In May, 1940, the inhabitants of Pas-de-Calais, a quaint village in the north of France, are shocked when they hear that the nearby town of Arras has fallen to the German advance. After some debate, Paul, the mayor (a deft Olivier Gourmet), decides that they will migrate south rather than suffer whatever the Nazis have planned for them. Among the caravan is Mado (Mathilde Seigner), his tough-as-nails wife, and Suzanne (Alice Isaaz), a young woman tasked with taking care of a motherless boy, Max (Joshio Marlon), after his father has been taken to prison. As the villagers travel, they struggle to find food, pass by scenes of horrifying carnage, and dodge machine gun fire as they’re strafed by Nazi aircraft. Ennio Morricone’s soaring score accompanies them all the while, undergirding the actors’ subtle performances.
Other storylines track Hans (August Diehl), Max’s father, as he escapes from prison and searches for his son by following him across the country through messages left on school blackboards.
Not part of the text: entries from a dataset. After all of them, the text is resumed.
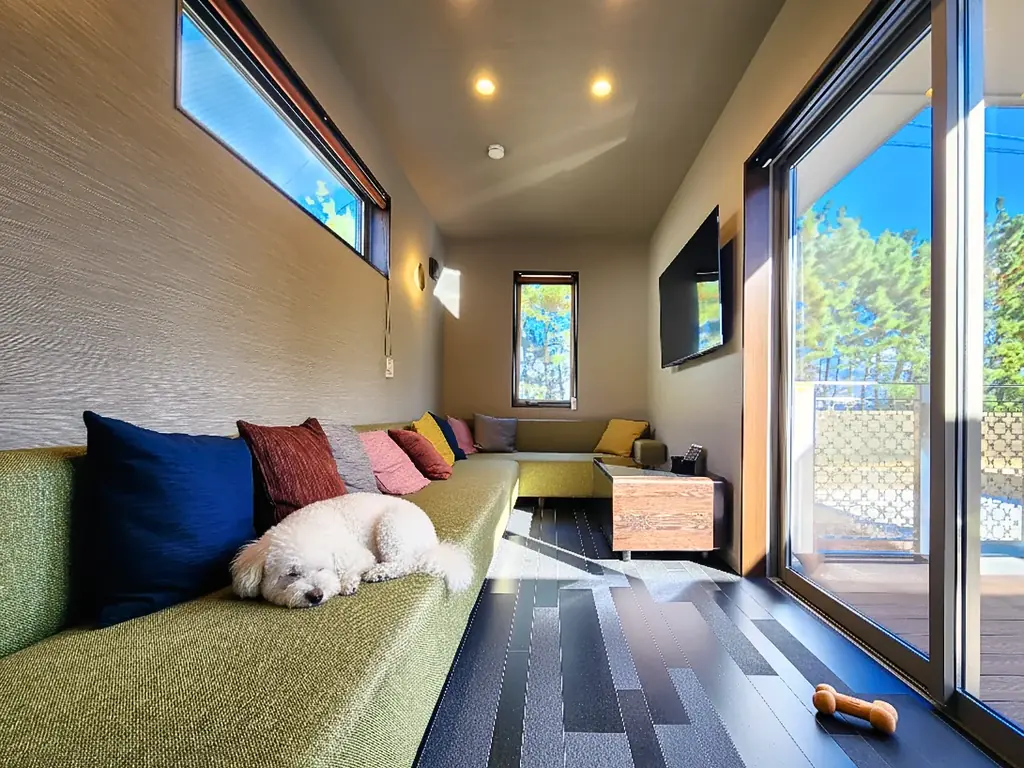 宿泊は一棟貸しのヴィラタイプで定員は6名。プライバシーを重視しつつ、家族旅行や友人同士、記念日など多様な用途に対応します。屋外焚火やBBQスペース、プライベートサウナといった設備を通じて、滞在そのものが旅の体験の中心となる設計です。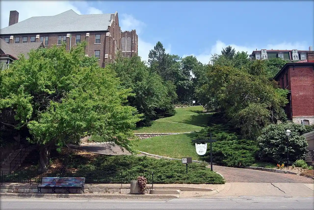 The Snake Alley Historic District is a nationally recognized historic district located in Burlington, Iowa, United States. It was listed on the National Register of Historic Places in 1975, and it was included in the Heritage Hill Historic District that surrounds it, in 1982. The historic district is largely a residential area that includes ten contributing properties. with It is centered on Snake Alley, a brick roadway built in 1894 that rises from Washington Street to Columbia Street. The alley receives its name from the five half curves and two quarter curves that climb the hill. Cobblestone Alley is the eastern boundary of the district. It is a very steep roadway composed of large, limestone blocks. Six houses, built between 1845 and about 1880, surround Snake Alley. Schwartz' Auto Electric Service building and the First United Church of Christ complex round out the contributing buildings. Read more on Wikipedia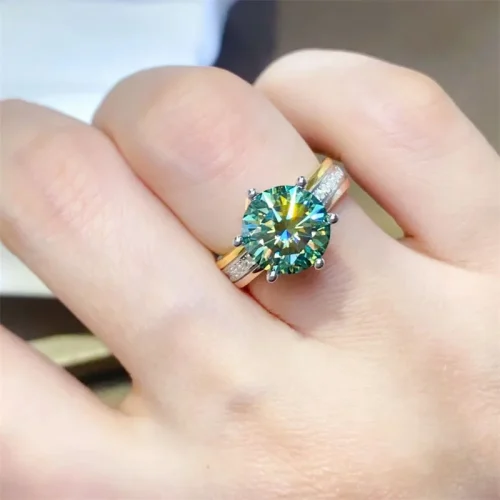 18K Gold Ring for Ladies 3 Carat Green Moissanite Diamond S925 Silver Plated Luxury for Anniversary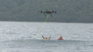 昨今の大雨・ゲリラ豪雨による、川や湖での水難事故を想定した救出・救助訓練において、ドローンで水に浮かぶ救助用ロープや浮輪、20kgとなるブイの投下を行い、特別救助隊員の方との連携による共同訓練を行いました。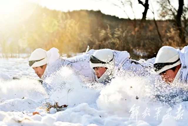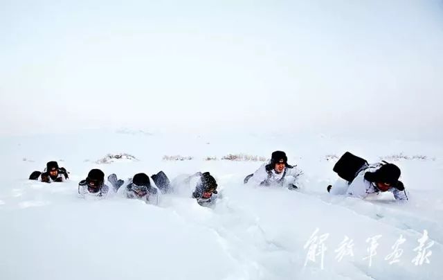 某特战旅女子特战队在雪野里低姿匍匐,隐蔽接敌。

Hans meets Percy, a Scottish soldier (Matthew Rhys) trapped behind enemy lines who, mercifully, brings plenty of comic relief to the otherwise earnest film. (Their run-ins with a German film crew, in search of propaganda material, are particularly funny.) They can’t travel together forever, though; Hans is searching for his son, not fighting a war.
That little boy proves to be the heart of the film, pulling Hans and Suzanne into a sort of family-triangle that gives each of them meaning, and this is the real success of the movie: it’s not about history, or war, but about people trying to find each other. It’s a rare Second World War film in that it doesn’t fetishize Nazi cruelty, and, in fact, shows very little of it, preferring to focus on the more mundane struggles of more mundane people.
By the time the credits roll, the movie hasn’t exactly tied itself off with a bow—some plots are left up in the air, and some characters’ fates are left unknown. But its emotional core is completely resolved in a phenomenal scene on a German-controlled bridge that painstakingly tracks a girl’s enormous decision. The caravan marches on, certain to face many more threats before the journey is done. At this final moment, the characters find a moment of peace, what they’ve been searching for all along.